イスラエル当局は3月20日、イスラエル国防軍予備役兵ラズ・コーエン(Raz Cohen)を起訴し、約1,000ドルの暗号通貨支払いを受けてイランの情報連絡者に「アイアン・ドーム」(Iron Dome)防空システムの機密情報を漏洩したとしています。この事件は、イスラエル国家安全保障局と警察のLahav 433チームが「咆哮雄獅子作戦」後に共同でエルサレム地方裁判所に提訴したものです。
コーエンは現在26歳で、2019年から2022年までの兵役期間中、「アイアン・ドーム」システムの指揮統制部門に勤務し、システムの実操作の詳細や基地の展開情報を掌握していました。『イスラエル・タイムズ』の報道によると、彼は2025年12月からTelegramを通じてイランの連絡者と接触を開始し、約1か月の間に合計27枚の写真と動画を送信しました。内容は以下の通りです:
・「アイアン・ドーム」システムの射撃手順、射速、弾薬補充作業
・ハツェリム(Hatzerim)とパルマヒム(Palmachim)基地の「アイアン・ドーム」電池陣地のGPS座標
・7つのイスラエル空軍基地の位置情報
・イスラエルの安全保障関係者の個人情報(大統領府の警備員や空軍パイロットの親族を含む)
コーエンはシステムの技術情報だけでなく、自らの軍歴も連絡者に明かし、情報漏洩の信頼性と危険性を大きく高めました。
この事件は、敵対的な情報機関が現代のデジタル環境下でどのように具体的に操作しているかを示しています。少額の暗号通貨支払いを誘因とし、暗号化通信アプリ(Telegramなど)を通じて有効な安全許可を持つ軍関係者に接触します。表面上は微々たる金額に見えますが、情報買収者にとっては、低コストで高度な防御システムの操作詳細や展開座標を入手できることは、非対称戦略上非常に価値があります。
暗号通貨支払いの匿名性:少額の暗号通貨支払いは従来の金融監視を回避しやすく、資金の追跡リスクを低減します。
Telegramの暗号通信の特性:エンドツーエンド暗号化により、リクルートのやり取りをリアルタイムで検知しにくく、情報連絡の技術的隠蔽を可能にします。
退役軍人の安全許可残存リスク:コーエンは退役後も実操作の知識を保持しており、その知識は在職中の実接触に基づくものであり、意図的な窃取によるものではありません。
ソーシャル・エンジニアリングと人員の脆弱性:連絡者は後にコーエンの妹の写真を脅迫に利用し、心理的コントロールの手段を示しています。
イスラエル当局は、過去2年間で数十人のイスラエル人がイラン関連の容疑で告発されていると指摘しています。イラン戦争の勃発以降、ソーシャルメディアや暗号通信アプリを利用したリクルート活動が著しく増加し、安全許可を持つ現役・退役軍人の浸透を防ぐことが、国家安全保障上の喫緊の課題となっています。
コーエンは最終的に2026年2月に連絡先をブロックし、Telegramアカウントを削除しましたが、手遅れでした。3月1日、イラン戦争の翌日に逮捕されました。
この事件の完全な動機は公開されていませんが、詳細から、コーエンは連絡過程で家族の写真を脅迫に利用されていたことがわかります。これは、金銭的誘惑と心理的圧迫の二重の操作を示しています。1,000ドルという金額は低廉ですが、情報活動のコスト効果の論理を反映しており、買い手にとっては、非常に低コストで得られる情報でも戦略的価値があることを示しています。
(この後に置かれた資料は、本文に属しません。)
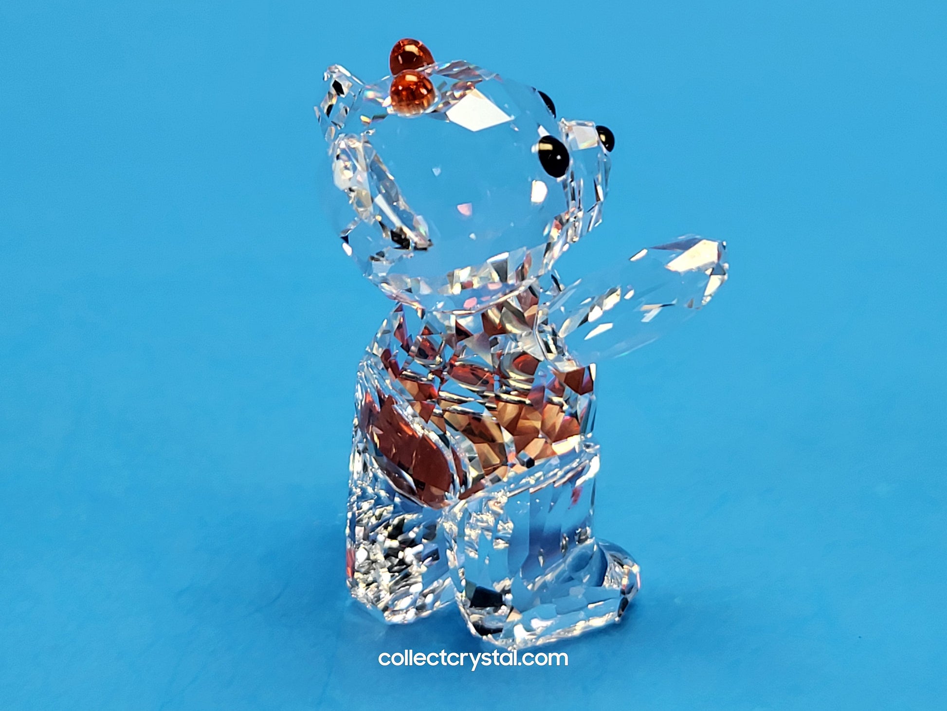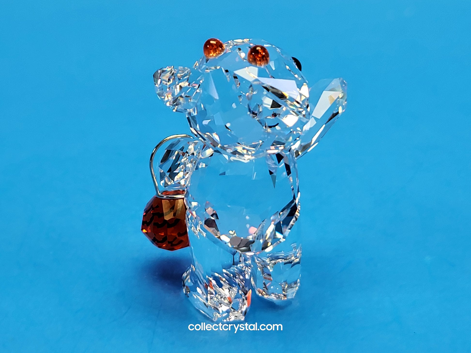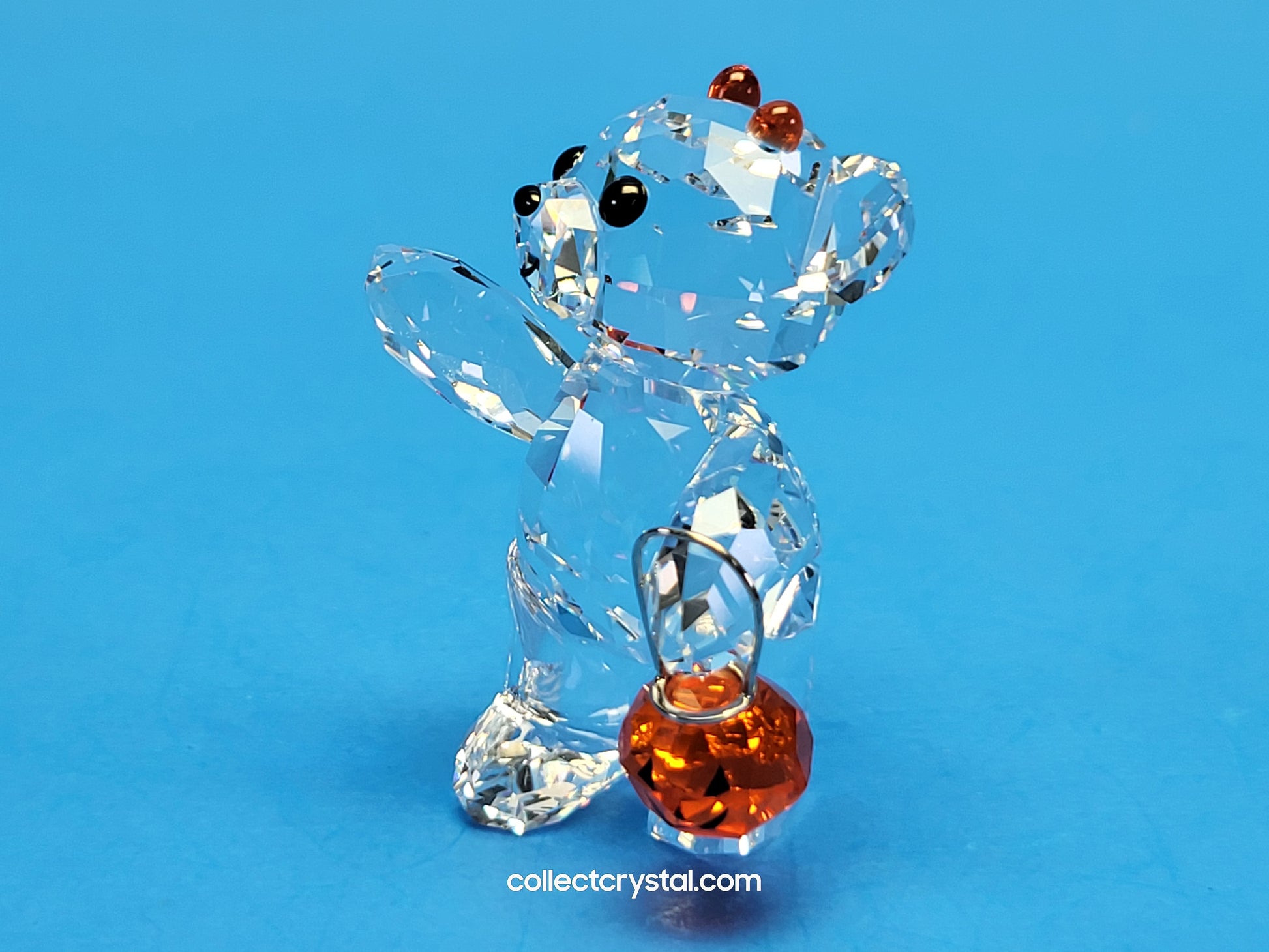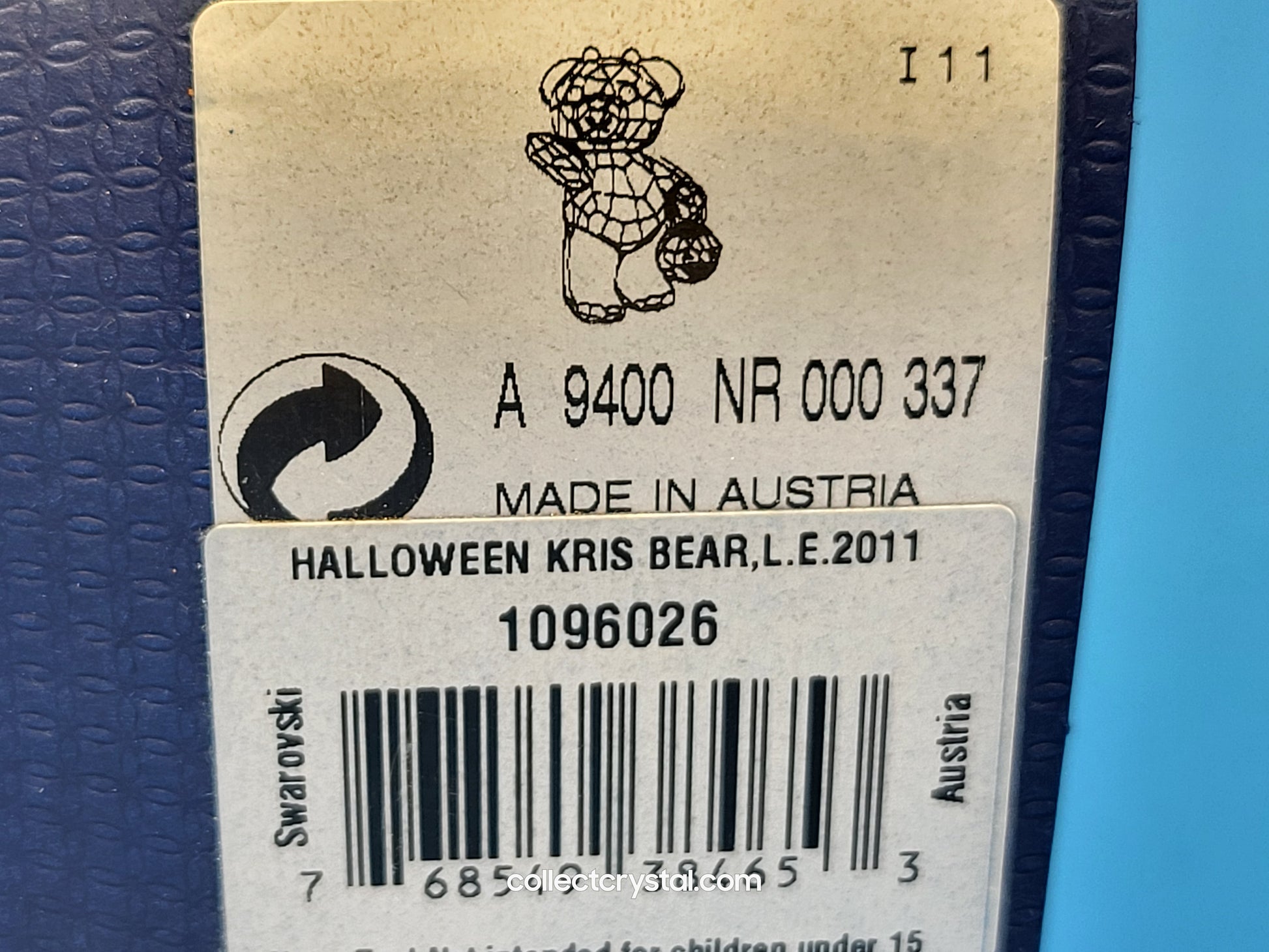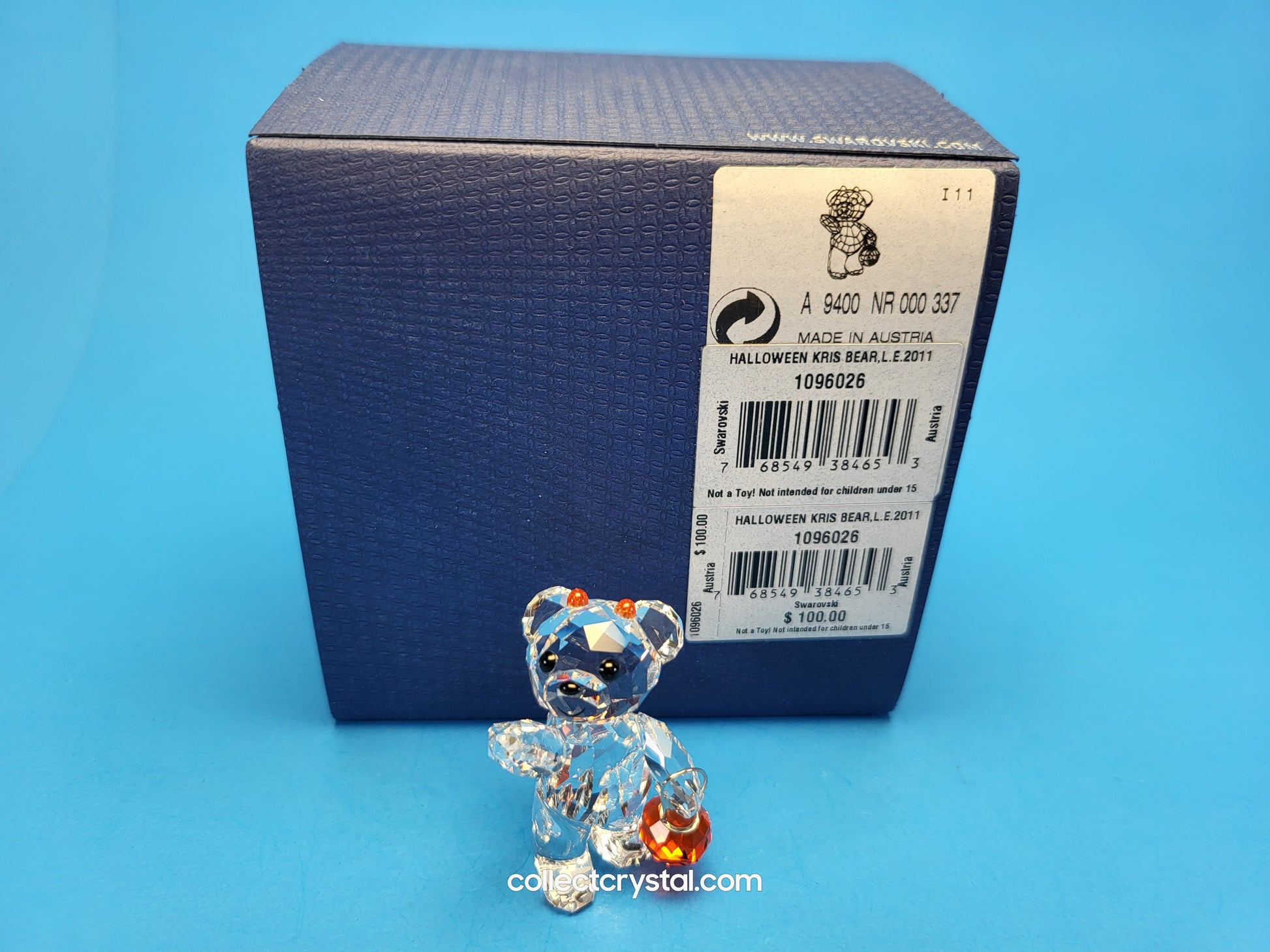 This retired Swarovski crystal Halloween Kris Bear was a limited edition piece for 2011. Trick or treat! This cute little fellow joins the popular Kris Bear family right on time for Halloween 2011. Sparkling mischievously in clear crystal, Halloween Kris Bear carries a vibrant Red Topaz crystal pumpkin lantern with a silver-tone metal handle.

暗号通貨の支払いは、従来の金融経由の追跡が困難なため、情報買収者がターゲットに資金を移動させる際に追跡されにくくなります。暗号通信アプリ(Telegramなど)と併用することで、従来の情報収集手法に対抗できる操作フローを形成しています。
起訴状によると、コーエンは複数のアイアン・ドーム電池陣地のGPS座標と7つの空軍基地の位置情報を提供しました。これらの情報は攻撃目標の計画に直接利用でき、また、システムの操作手順や射速データも敵側が防御システムの効果を評価・対抗するのに役立つ可能性があります。実際の戦略的損害は完全には量化できません。